6.2.2 Effect of Row-buffer Size
From the above discussions, it is clear that the exploitation of
row-buffer locality by the DRAM memory controller makes the
multi-core memory system vulnerable to DoS attacks. The extent to which
this vulnerability can be exploited is determined by the size of the
row-buffer. In this section, we examine the impact of row-buffer
size on the effectiveness of our algorithm. For these sensitivity
experiments we use two real applications, art and vpr, where art
behaves as an MPH against vpr.
Figure 9 shows the mutual impact of art and
vpr on machines with different row-buffer sizes. Additional
statistics are presented in Table 4. As
row-buffer size increases, the extent to which art becomes a
memory performance hog for vpr increases when FR-FCFS scheduling
algorithm is used. In a system with very small, 512-byte row-buffers,
vpr experiences a slowdown of 1.65X (versus art's
1.05X). In a system with very large, 64 KB row-buffers, vpr
experiences a slowdown of 5.50X (versus art's 1.03X). Because
art has very high row-buffer locality, a large buffer size
allows its accesses to occupy a bank much longer than a small buffer
size does. Hence, art's ability to deny bank service to
vpr increases with row-buffer size. FairMem effectively contains this
denial of service and results in similar slowdowns for both art
and vpr (1.32X to 1.41X). It is commonly assumed that row-buffer
sizes will increase in the future to allow better throughput for
streaming applications [41]. As our results show, this
implies that memory-related DoS attacks will become a larger problem
and algorithms to prevent them will become more
important.12
Figure 9: Normalized execution time of art and vpr when run
together on processors with different row-buffer sizes.

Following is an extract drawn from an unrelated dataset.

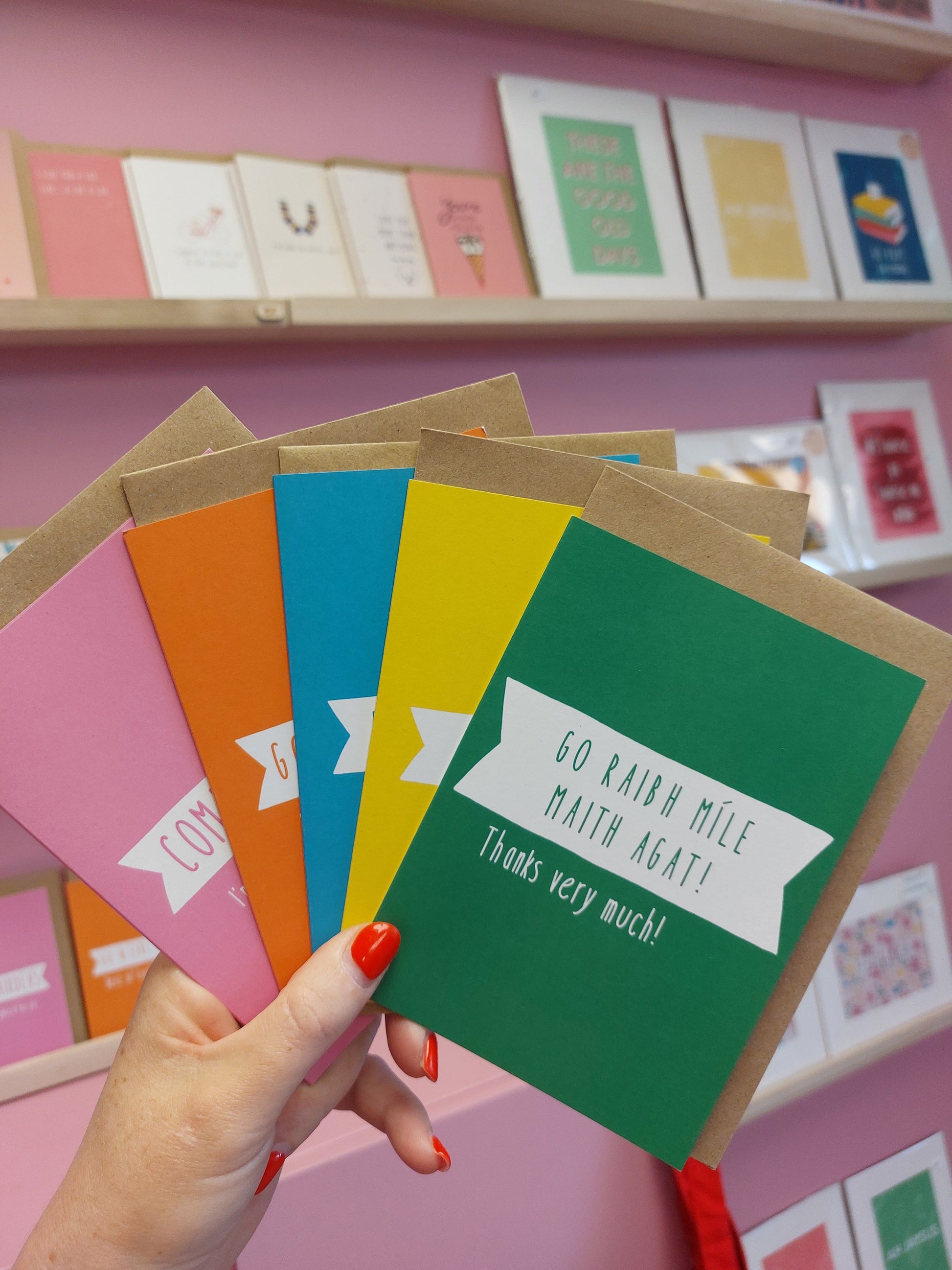 Cards are A6 size printed on recycled paper with brown kraft envelopes.
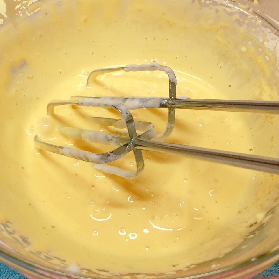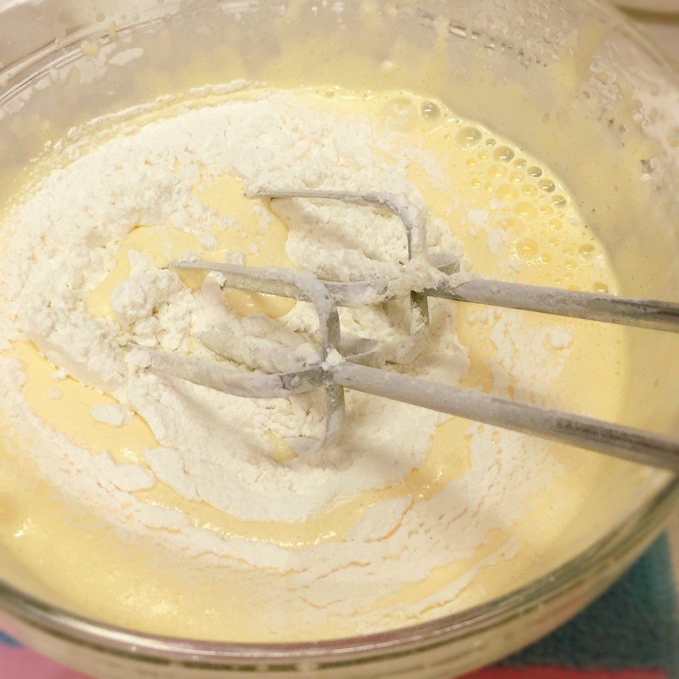⑶ (2)に(1)を1/3入れミキサーで混ぜる

Execution time is independently normalized to each machine with
different row-buffer size. |
| 512 B | 1 KB | 2 KB | 4 KB | 8 KB | 16 KB | 32 KB | 64 KB |
art's row-buffer hit rate | 56% | 67% | 87% | 91% | 92% | 93% | 95% | 98% |
vpr's row-buffer hit rate | 13% | 15% | 17% | 19% | 23% | 28% | 38% | 41% |
FairMem throughput improvement | 1.08X | 1.16X | 1.28X | 1.44X | 1.62X | 1.88X | 2.23X | 2.64X |
FairMem fairness improvement | 1.55X | 1.75X | 2.23X | 2.42X | 2.62X | 3.14X | 3.88X | 5.13X |
|
Table 4: Statistics for art and vpr with different
row-buffer sizes |
Figure 10: Slowdown of art and vpr when run
together on processors with various number of DRAM
banks. Execution time is independently normalized to
each machine with different number of banks. |
| 1 bank | 2 banks | 4 banks | 8 banks | 16 banks | 32 banks | 64 banks |
art-vpr base throughput (IPTC) | 122 | 210 | 304 | 401 | 507 | 617 | 707 |
art-vpr FairMem throughput (IPTC) | 190 | 287 | 402 | 513 | 606 | 690 | 751 |
FairMem throughput improvement | 1.56X | 1.37X | 1.32X | 1.28X | 1.20X | 1.12X | 1.06X |
FairMem fairness improvement | 2.67X | 2.57X | 2.35X | 2.23X | 1.70X | 1.50X | 1.18X |
|
Table 5: Statistics for art-vpr with different number of
DRAM banks (IPTC: Instructions/1000-cycles) |
6.2.3 Effect of Number of Banks
The number of DRAM banks is another important parameter that affects
how much two threads can interfere with each others' memory
accesses. Figure 10 shows the impact of art and
vpr on each other on machines with different number of DRAM
banks. As the number of banks increases, the available parallelism in
the memory system increases, and thus art becomes less of a
performance hog; its memory requests conflict less with vpr's
requests. Regardless of the number of banks, our mechanism
significantly mitigates the performance impact of art on
vpr while at the same time improving overall throughput as shown in
Table 5. Current DRAMs usually employ 4-16
banks because a larger number of banks increases the cost of the DRAM
system. In a system with 4 banks, art slows down vpr by
2.64X (while itself being slowed down by only 1.10X). FairMem is able
to reduce vpr's slowdown to only 1.62X and improve overall
throughput by 32%. In fact, Table 5 shows
that FairMem achieves the same throughput on only 4 banks as the
baseline scheduling algorithm on 8 banks.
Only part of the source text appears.